Долго шипела спичка.
— Вот ты говоришь: всегда впереди… — начал дед. — А кто за тобой? Мы с тобой сколько не видались?
— Да лет двадцать пять. Я в академию поехал, а ты вдруг демобилизовался. Кстати, я никак понять не могу: почему?
— Не военный я человек, — сказал дед.
— То есть как? — ахнул генерал, и стул под ним удивлённо заскрипел. — До таких звёзд дослужился — и не военный…

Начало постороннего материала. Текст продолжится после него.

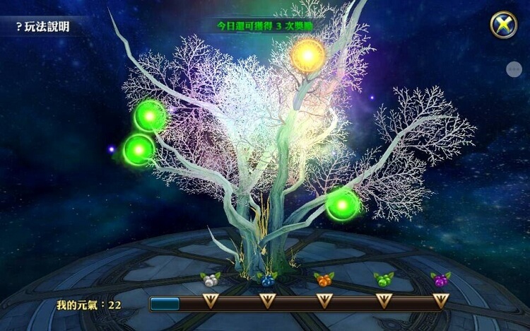神樹活動可以單人完成也可以組隊進行。每天可以獲得3從獎勵。點擊神樹選擇韜略果培育就可以進入到活動中。活動開始後,玩家需要點破神樹周圍游離的元氣來獲取元氣。元氣獲得的越多,得到的果實品質就越高。元氣圈的品質和韜略果實一樣,分為白色。藍色,黃色,綠色,紫色。品質越高的元氣圈需要玩家點擊的次數就越高。遊戲結束後,通過搖動手機就可以摘取果實。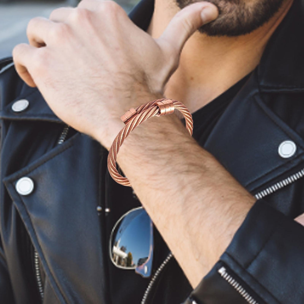 Maxbell Steel Twisted Wire Cuff Bangle Bracelet Hip Hop Bracelet Rose Aureate

— А вот и не военный! — сказал дед. — Когда Родину защищать — другое дело… Я учиться хотел… чему-нибудь такому мирному, чтобы войной и не пахло… Я чуть кондитером не стал.
— Ну тебя! — отмахнулся генерал. — Наплетёшь всякого.
— Я с войны пришёл и ни о чём так не мечтал, как мундир скинуть и за мирное дело приняться… А вот некая известная тебе особа спланировала свою жизнь, естественно за счёт моей, так, чтобы я в большие чины вышел… Я думал, она меня любит, а она, оказывается, мои звёзды любила…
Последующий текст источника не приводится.